As an example of its use, I am going to take the same NLP data set that was used in “K-Means Clustering”, where we have 100 movies, and 563 terms, and see if we can reduce those 563 dimensions to just two dimensions. That is quite an ask, but I have chosen two because then I can plot the results.

The nice thing about this data set is there are only 100 rows, so the experiments can be quite quick. Example 9-3 is almost the simplest possible auto-encoder: there will be 563 input neurons, going down to just two neurons in a single hidden layer, then going to 563 output neurons. It will train for the default 10 epochs.

Example 9-3. Minimal auto-encoder example, in R
m <- h2o.deeplearning(
  2:564, training_frame = tfidf,
  hidden = c(2), autoencoder = T, activation = "Tanh"
  )
f <- h2o.deepfeatures(m, tfidf, layer = 1)

I said almost: I’ve added activation = "Tanh" instead of using the default Rectifier. You can use the default Rectifier, but:

  • It gives poor results: x or y will be zero for many of them, giving a clustering along the bottom and left.

  • In more complex auto-encoders you will get complaints of numerical instability.

So, with auto-encoders I recommend always using Tanh.5

The code in Python (Example 9-4) is quite similar, though note that layers (and column indices) count from zero, whereas in R they counted from one.

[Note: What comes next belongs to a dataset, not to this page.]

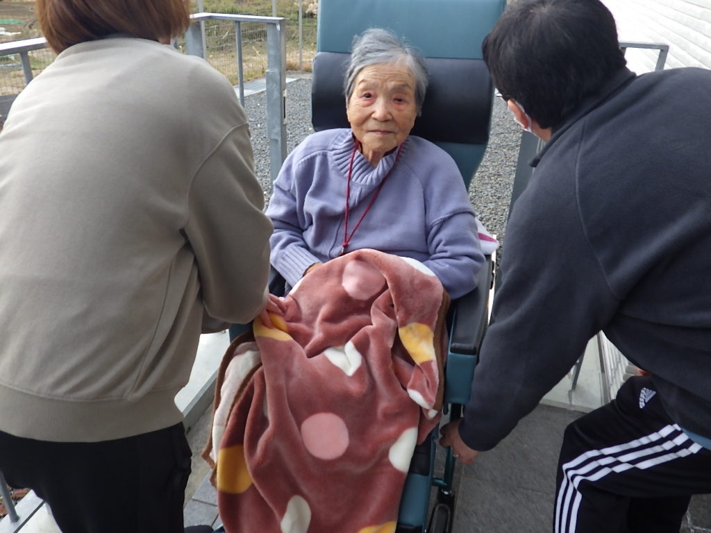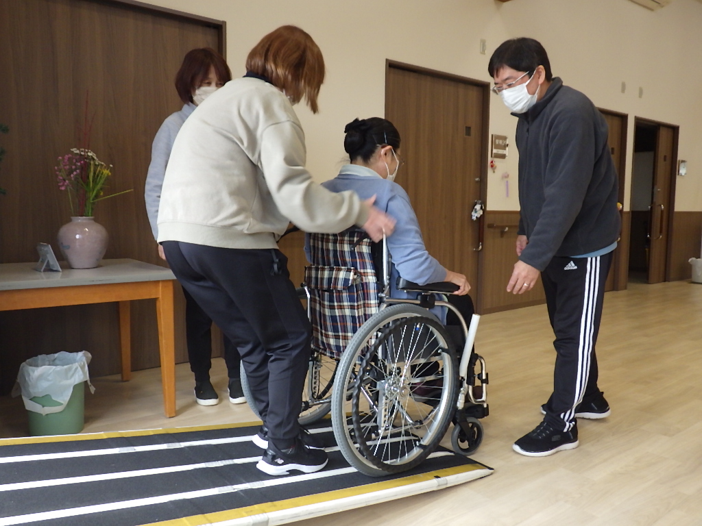 職員一人で持ち上げ広げ、車椅子を引いて外に出る流れを確認しました。

Example 9-4. Minimal auto-encoder example, in Python
m = h2o.estimators.deeplearning.H2OAutoEncoderEstimator(
  hidden=[2],
  activation="Tanh"
  )
m.train(x=range(1,564), training_frame=tfidf)
f = m.deepfeatures(tfidf, layer=0)

Despite the simplicity, it gives acceptable results, with an MSE of 0.035. Figure 9-2 shows the movies plotted by the value of the two reduced dimensions.

pmlh 0902
Figure 9-2. Movies in two dimensions, made by the simplest auto-encoder.
Note

In this series of plots only the first 30 movies are plotted each time, to stop them looking too cluttered. You will see overlapping names. These are not printing errors! It is where the algorithm has not managed to separate those two movies in the meager two dimensions it has been given.

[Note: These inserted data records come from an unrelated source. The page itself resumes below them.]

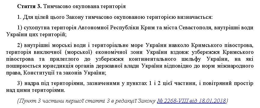 Среди новшеств закона "о реинтеграции Донбасса" - узаконивание оккупационного статуса неконтролируемых территорий. Раньше на законодательном уровне оккупированной была признана только территория Крыма - согласно статье 3 закона "Об обеспечении прав и свобод граждан и правовой режим на временно оккупированной территории Украины":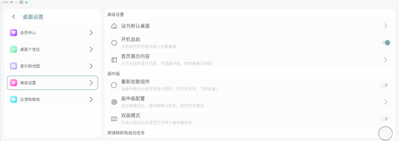 乐酷桌面支持画中画,能很好的支持高德导航,具体设置可以在app中查看帮助。不要把乐酷桌面调成默认桌面,只需要设置成开机启动就行了。调成默认桌面后,原车有些功能无法开机启动,影响驾驶。我们这个车的几个关键设置如下: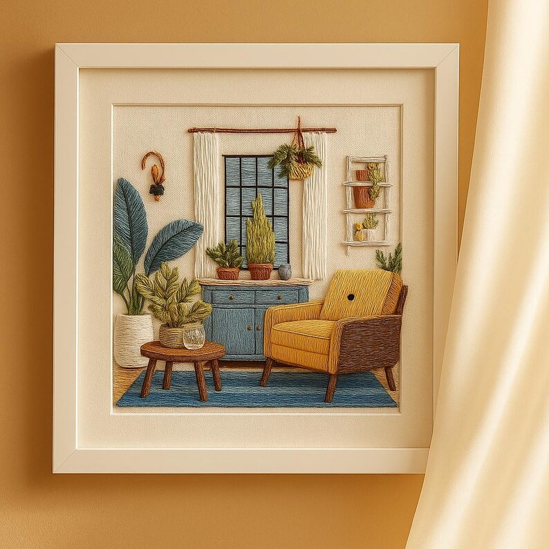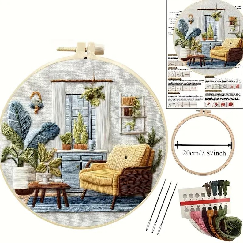 Add warmth and charm to your home with this Cozy Living Room Embroidery Starter Kit. Featuring a bright yellow armchair surrounded by lush indoor plants, this peaceful design captures the beauty of cozy home décor. Perfect for beginners and experienced stitchers alike, this DIY embroidery kit includes everything you need to create a beautiful piece of wall art.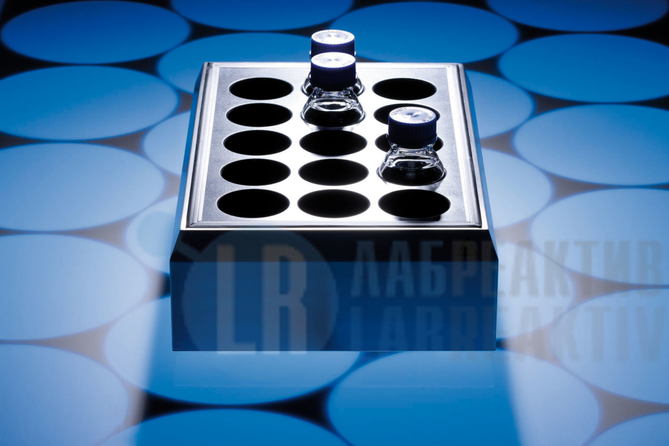 Комбинация блока нагревания с перемешиванием с 15 точками перемешивания, 15 отверстий, ø 71,5 мм, глубиной 78 мм, расстоянием 84 мм, подходит для лабораторных колб на 250 мл (например, Шотта) и для стаканов на 400 мл (высокая форма).

By the way, I am plotting the first 30 with R code like this:

d <- as.matrix(f[1:30,])
labels <- as.vector(tfidf[1:30, 1])
plot(d, pch = 17)  #Triangle
text(d, labels, pos = 3) #pos=3 means above

Next I made 19 models, where I experimented with the amount of reduction: between 2 and 20 dimensions. For each model, hidden was set to 128,64,nodes,64,128, where nodes ranged from 2 to 20. So 563 input nodes linked to the first hidden layer with 128 nodes, then to 64 nodes in the second hidden layer, then the 2+ nodes of interest are the third hidden layer, then back up to 64, then up to 128 in the fifth and final hidden layer, and then finally out to 563 output nodes. I first tried this with 5 epochs (the upper line in Figure 9-3), and then again with 400 epochs (the mostly lower line).

pmlh 0903
Figure 9-3. Model quality (lower is better) by number of dimensions

The more dimensions in the middle hidden layer the easier it is to learn, but the steeper angle of the lower curve means it needs plenty of epochs to take advantage of this. It is curious that the first four values did worse with more epochs.

Stacked Auto-Encoder

A neural net model can be built up in stages, which is a useful technique, even with supervised learning, when you find you want more layers but learning is too slow or just not working.

Note

Terminology alert: You might also see stacking models used to mean ensembles (described in Chapter 10). But with auto-encoding neural networks it means learning one layer at a time.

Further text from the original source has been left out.